[Dataset records]
- - -

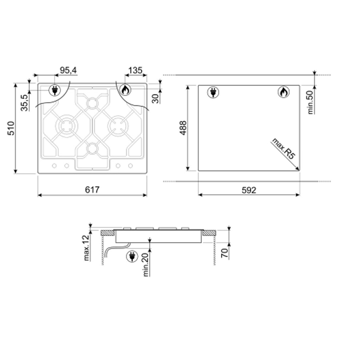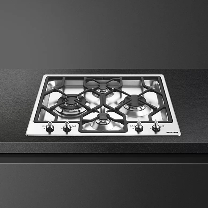 Газовая варочная панель с ромбовидным расположением конфорок серии Classica в цвете нержавеющая сталь.УПРАВЛЕНИЕ И ФУНКЦИОНАЛЬНОСТЬ:
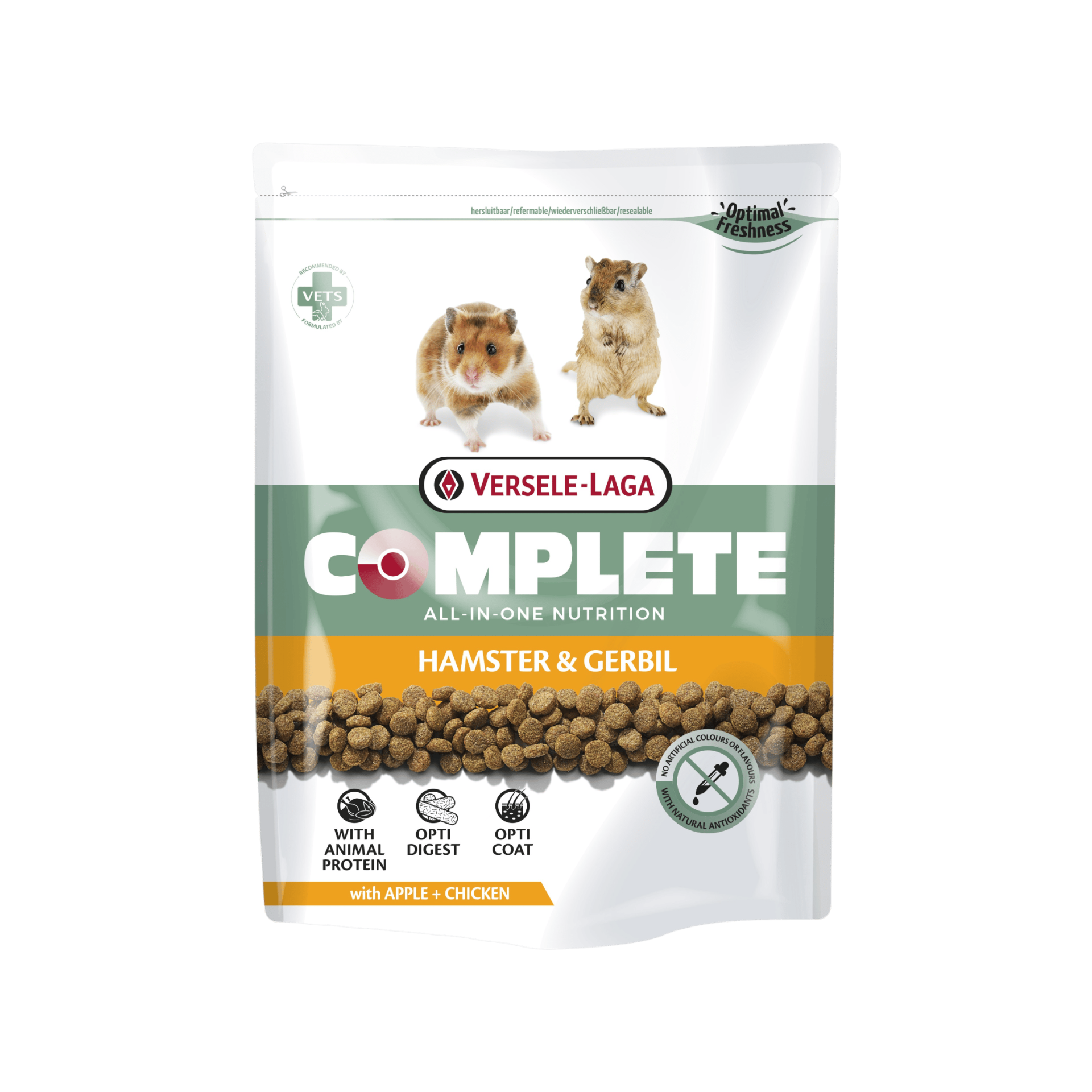 Versele-Laga COMPLETE Hamster & Gerbil je kompletní a chutné krmivo pro křečky, složené ze 100 % ze snadno stravitelných extrudovaných pelet.
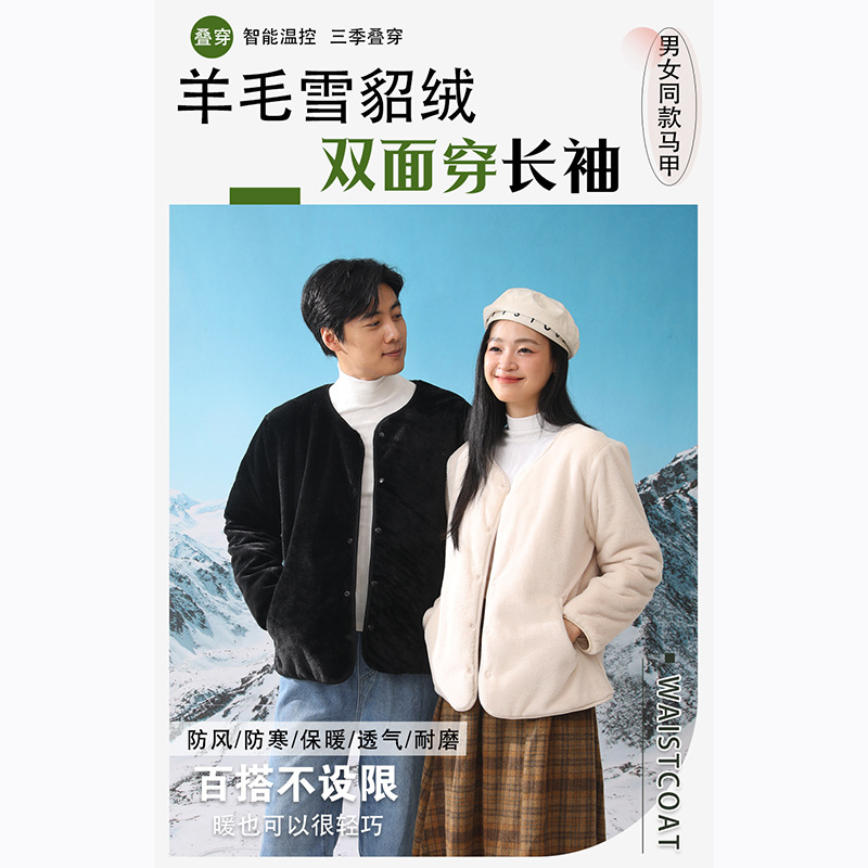 [男女同金] 冬のミンクウール長袖コート軽薄蓄熱両面には底付き保温服356を着ている
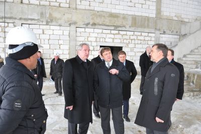 После официальной церемонии подписания Андрей Шевелев в сопровождении Сергея Антуфьева ознакомился со строящимися в Смоленске крупными социальными объектами – физкультурно-оздоровительным комплексом и федеральным медицинским центром травматологии, ортопедии и эндопротезирования.
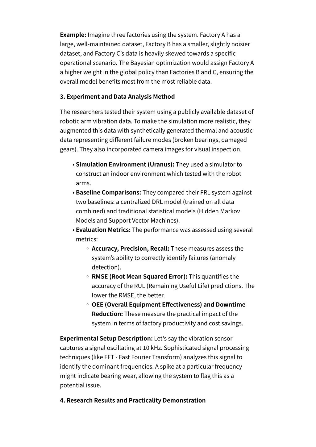 Example: Imagine three factories using the system. Factory A has a large, well-maintained dataset, Factory B has a smaller, slightly noisier dataset, and Factory C’s data is heavily skewed towards a specific operational scenario. The Bayesian optimization would assign Factory A a higher weight in the global policy than Factories B and C, ensuring the overall model benefits most from the most reliable data. 3. Experiment and Data Analysis Method The researchers tested their system using a publicly available dataset of robotic arm vibration data. To make the simulation more realistic, they augmented this data with synthetically generated thermal and acoustic data representing different failure modes (broken bearings, damaged gears). They also incorporated camera images for visual inspection. • Simulation Environment (Uranus): They used a simulator to construct an indoor environment which tested with the robot arms. Baseline Comparisons: They compared their FRL system against two baselines: a centralized DRL model (trained on all data combined) and traditional statistical models (Hidden Markov Models and Support Vector Machines). Evaluation Metrics: The performance was assessed using several metrics: Accuracy, Precision, Recall: These measures assess the system’s ability to correctly identify failures (anomaly detection). RMSE (Root Mean Squared Error): This quantifies the accuracy of the RUL (Remaining Useful Life) predictions. The lower the RMSE, the better. OEE (Overall Equipment Effectiveness) and Downtime Reduction: These measure the practical impact of the system in terms of factory productivity and cost savings. • • ◦ ◦ ◦ Experimental Setup Description: Let's say the vibration sensor captures a signal oscillating at 10 kHz. Sophisticated signal processing techniques (like FFT - Fast Fourier Transform) analyzes this signal to identify the dominant frequencies. A spike at a particular frequency might indicate bearing wear, allowing the system to flag this as a potential issue. 4. Research Results and Practicality Demonstration

- - -

The expected output is each record, copied exactly, and nothing in place of the pictures.

WRITTEN SOLUTION:
 Газовая варочная панель с ромбовидным расположением конфорок серии Classica в цвете нержавеющая сталь.УПРАВЛЕНИЕ И ФУНКЦИОНАЛЬНОСТЬ:
 Versele-Laga COMPLETE Hamster & Gerbil je kompletní a chutné krmivo pro křečky, složené ze 100 % ze snadno stravitelných extrudovaných pelet.
 [男女同金] 冬のミンクウール長袖コート軽薄蓄熱両面には底付き保温服356を着ている
 После официальной церемонии подписания Андрей Шевелев в сопровождении Сергея Антуфьева ознакомился со строящимися в Смоленске крупными социальными объектами – физкультурно-оздоровительным комплексом и федеральным медицинским центром травматологии, ортопедии и эндопротезирования.
 Example: Imagine three factories using the system. Factory A has a large, well-maintained dataset, Factory B has a smaller, slightly noisier dataset, and Factory C’s data is heavily skewed towards a specific operational scenario. The Bayesian optimization would assign Factory A a higher weight in the global policy than Factories B and C, ensuring the overall model benefits most from the most reliable data. 3. Experiment and Data Analysis Method The researchers tested their system using a publicly available dataset of robotic arm vibration data. To make the simulation more realistic, they augmented this data with synthetically generated thermal and acoustic data representing different failure modes (broken bearings, damaged gears). They also incorporated camera images for visual inspection. • Simulation Environment (Uranus): They used a simulator to construct an indoor environment which tested with the robot arms. Baseline Comparisons: They compared their FRL system against two baselines: a centralized DRL model (trained on all data combined) and traditional statistical models (Hidden Markov Models and Support Vector Machines). Evaluation Metrics: The performance was assessed using several metrics: Accuracy, Precision, Recall: These measures assess the system’s ability to correctly identify failures (anomaly detection). RMSE (Root Mean Squared Error): This quantifies the accuracy of the RUL (Remaining Useful Life) predictions. The lower the RMSE, the better. OEE (Overall Equipment Effectiveness) and Downtime Reduction: These measure the practical impact of the system in terms of factory productivity and cost savings. • • ◦ ◦ ◦ Experimental Setup Description: Let's say the vibration sensor captures a signal oscillating at 10 kHz. Sophisticated signal processing techniques (like FFT - Fast Fourier Transform) analyzes this signal to identify the dominant frequencies. A spike at a particular frequency might indicate bearing wear, allowing the system to flag this as a potential issue. 4. Research Results and Practicality Demonstration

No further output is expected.